# sound isolation



## mike c (Apr 25, 2006)

hi

I have moved my HT setup to a room that has one wall that's made of dry wall, instead of the usual 4 walls with concrete. I got a noise complaint from the adjacent room ...

I have UP to 12" to work with, I can't use concrete now, I can build a new drywall next to the existing wall in question ... possible materials are wood and fiberglass ...

I was thinking two layers of 3/4" plywood plus some fiberglass before topping off with a 1/4" plywood would give me a free bass trap, but would it be sufficient to isolate the sound?

if not, can you suggest configurations of drywall building that will stop both the high bass and the low bass?

thanks
mike


----------



## John Simpson (May 10, 2007)

There's been a couple of "sound insulation" threads started recently. Here's one, and you could probably trawl the "Home Theater Design and Construction" forum for a bunch more.

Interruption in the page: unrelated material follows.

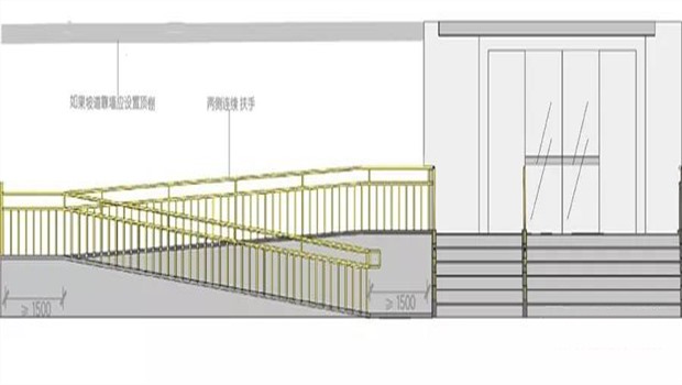 3.輪椅坡道的寬度超過300mm且坡度大于1:20時(shí),應(yīng)在兩側(cè)設(shè)置扶手,坡道與休息平臺的扶手應(yīng)保持連貫,扶手應(yīng)符合規(guī)范;

If that doesn't help, feel free to post again.


----------



## mike c (Apr 25, 2006)

thanks, but that thread has nothing new to add to what I already posted regarding adding a second dry wall.

dial up connection at work prevents me from surfing my heart out.


----------



## bpape (Sep 14, 2006)

If you're going to build a second wall ( a good idea by the way), remove the drywall from your side of the existing wall first. If you don't, then you're creating what's known as a triple leaf which can actually INCREASE sound transmission at certain frequencies.

Build the new wall as far from the existing one as you can, fill the space fully with insulation, use slats parallel with the floor and perpendicular to the vertical studs, and finish with at least 2 layers of drywall.

The slats will act as a poor-mans RSIC/Hat Channel setup, and the double drywall is MUCH more massive (good) than plywood. Also make sure you caulk up all around the wall. You will likely also need to consider doing another layer of drywall on the ceilng to avoid flanking. Hopefully, the floor won't cause too much problem.

Bryan


----------